Cooperação académica

O CCCM, explica Carmen Mendes, tem desenvolvido uma estratégia consistente para estreitar as ligações académicas com Macau. A ligação mais antiga existe com a Universidade de Macau, com quem foi criado um programa de coedições que já publicou 15 livros nas áreas da cultura, história, estudos contemporâneos e direito. “Temos mais volumes no prelo que sairão em breve”.
O Centro atribui ainda, em parceria com a Fundação para a Ciência e a Tecnologia, 10 bolsas de doutoramento por ano. “Temos neste momento 50 bolseiros, incluindo pessoas de Macau. Trabalham em áreas relevantes, como o papel de Macau na política externa chinesa e na ligação da China aos países de língua portuguesa”.

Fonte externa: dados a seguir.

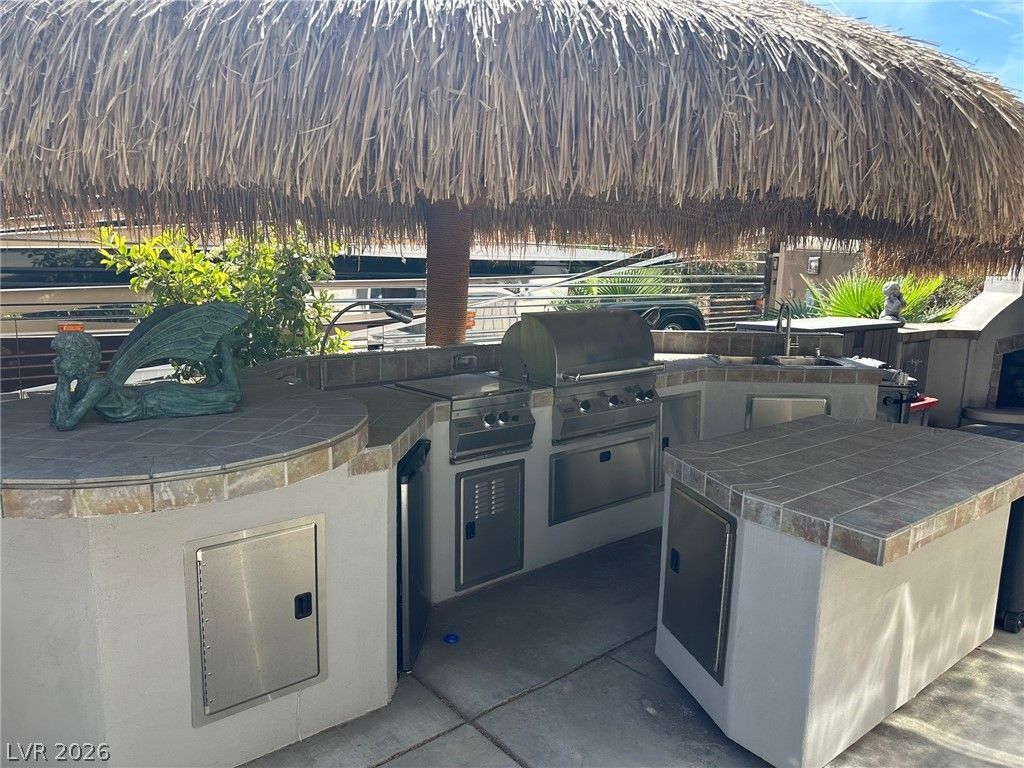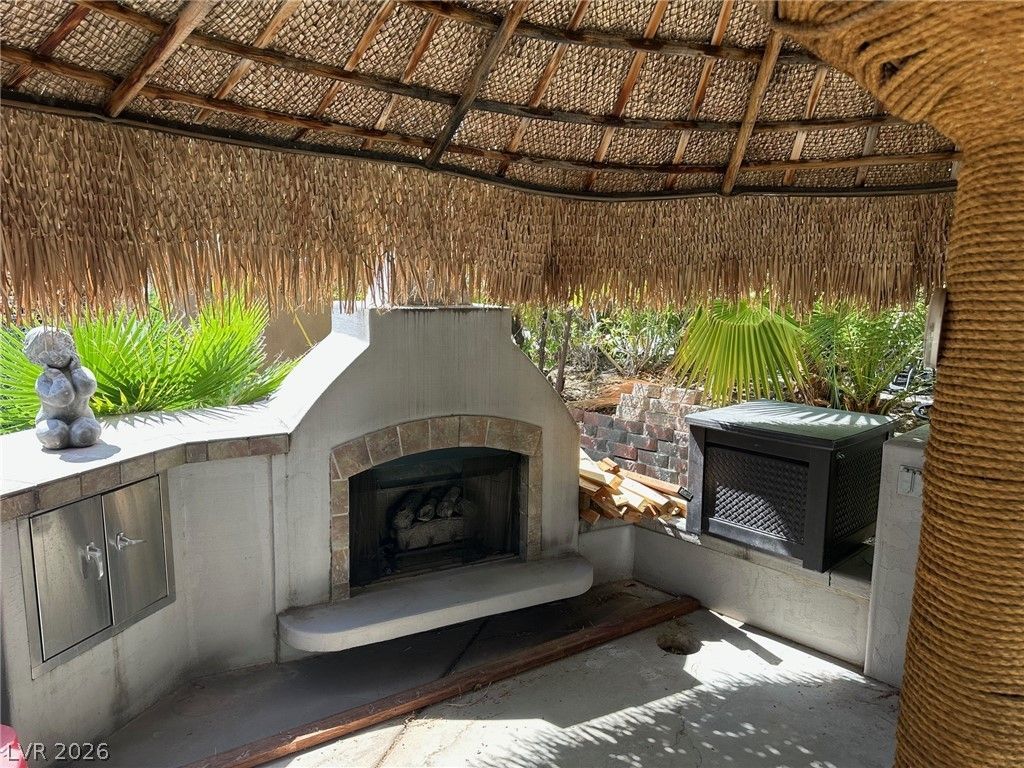 Lot 106 at the prestigious guard-gated Las Vegas Motorcoach Resort offers an exceptional blend of luxury, comfort, and prime location. Ideally situated adjacent to the resort's main clubhouse, pool, fitness center, pickleball courts, and an array of upscale amenities, this beautifully appointed lot is designed for both relaxation and entertaining. The outdoor living space features a well-equipped kitchen beneath charming shade palapas, a spacious living room area with a cozy fireplace, and a convenient storage shed. Surrounded by lush, mature landscaping, this lot provides a private oasis while keeping you in close proximity to the vibrant heart of the resort.

Há também cooperação com diversas instituições, como a Universidade de São José, a Universidade Politécnica de Macau, o Instituto de Estudos Europeus e a Fundação Macau. Um dos projetos em destaque é o catálogo do Museu de Macau, em dois volumes, que conta com o apoio da Universidade de Macau, IPOR, Embaixada de Portugal em Pequim, assim como de mecenas com a SJM, o BNU e Neto Valente.
Aproximação Lisboa-Macau
“Era importante que as pessoas de Macau, quando vão a Lisboa, passassem pelo Centro Científico e Cultural de Macau, fizessem palestras, trouxessem Macau para Lisboa”, explica.
Para isso criou as “conversas sábias”, encontros informais às quintas-feiras que visam manter viva a presença de Macau no espaço público português. As conferências de primavera, organizadas todos os anos pelo CCCM, reúnem cerca de 180 investigadores portugueses sobre a Ásia e no que se refere á academia, “era importante que os investigadores de Macau participassem mais nas nossas conferências científicas (…) Há muita gente em Macau que podia participar e não participa”.
“Seria essencial que as instituições com capacidade financeira facilitassem a vinda de investigadores de Macau a Lisboa e permitissem também que estudantes de Macau passassem períodos em Portugal”. O CCCM, garante, tem total disponibilidade para acolher estagiários, voluntários e projetos conjuntos.
Por fim, a diretora destaca que Macau continua a ser visto por Pequim como um espaço de abertura e modernização, relevante em iniciativas como a Grande Baía ou Uma Faixa, Uma Rota. Com dimensão territorial mínima, mas “importância simbólica enorme”, Macau sabe historicamente posicionar-se: “Sabe ser plataforma melhor do que ninguém”.